Manchmal kommt es auf den Zusammenhang zwischen Ausbildungs-/Lehrberuf und Studienfach an.
Häufig sind zusätzlich zu der abgeleisteten Arbeitszeit auch spezielle Eignungstests von Nöten.
Wie gesagt: Einfach die Uni fragen.
Viel Glück!
Halloele joan,
da zitier ich mal ganz „kurz“ das Fachhochschulgesetzt von BW:
(6) Besonders qualifizierte Berufstätige, die keine Hochschulzugangsberechtigung besitzen,
können durch das Bestehen einer besonderen Prüfung die Qualifikation für das Studium in
einem bestimmten Studiengang erwerben. Zur Eignungsprüfung wird zugelassen, wer seine
Hauptwohnung seit mindestens einem Jahr in der Bundesrepublik Deutschland hat und dort seit mindestens einem Jahr beruflich tätig ist, eine mindestens zweijährige Berufsausbildung erfolgreich abgeschlossen hat, mit qualifizierter Note die Meisterprüfung, eine gleichartige berufliche Fortbildung nach dem Berufsbildungsgesetz oder nach der Handwerksordnung im erlernten Beruf oder eine Fachschule nach § 14 des Schulgesetzes erfolgreich abgeschlossen hat und mindestens vier Jahre im erlernten Beruf tätig war. Einer Fachschule steht gleich
eine freie Bildungseinrichtung, die eine gleichwertige berufliche Fortbildung vermittelt. Die Eignungsprüfung dient der Feststellung, ob der Bewerber auf Grund seiner Persönlichkeit, seiner geistigen Fähigkeiten und seiner Motivation für das Studium in dem gewählten Studiengang geeignet ist. Das Nähere über die Zulassung zur Prüfung, die Anforderungen in der Prüfung, die Art und den Umfang der Prüfungsleistungen, die Zusammensetzung der Prüfungskommission,
das Prüfungsverfahren sowie die Folgen von Verstößen gegen Prüfungsvorschriften regelt das Kultusministerium durch Rechtsverordnung im Einvernehmen mit dem Wissenschafts-ministerium, dem Innenministerium, dem Finanzministerium, dem Sozialministerium,
dem Ministerium Ländlicher Raum und dem Wirtschaftsministerium.
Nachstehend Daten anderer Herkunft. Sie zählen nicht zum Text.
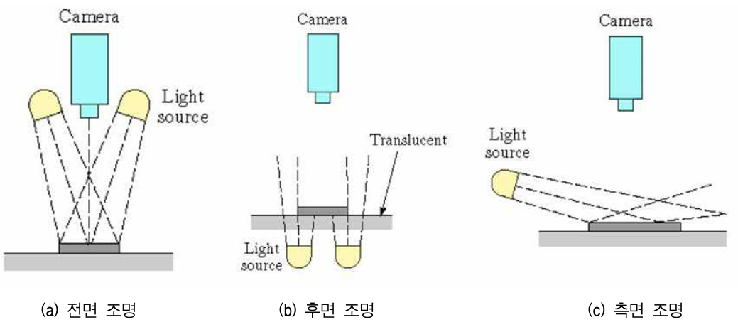 [그림 3]은 조명의 종류를 나타내고 있다. 조명에는 전면조명, 후면조명, 측면조명 등이 있다.

Das Bestehen der Eignungsprüfung gilt als gleichwertiger Bildungsstand nach § 20 Abs. 2 Nr. 3 LBG.
Gruesse Bergsteiger
Die IHK bietet eigentlich in jedem Bundesland z.B. Dipl. Betriebswirt an. Das geht auch mit „nur Ausbildung“ und einigen Jahren einschlägiger Berufspraxis in dem jeweiligem GEbiet. Tendenziell heisst hier einschlägig 3-5 Jahre. Surf doch mal auf ihk.de oder googel mal! Viel Erfolg! Super Schritt nach Vorne!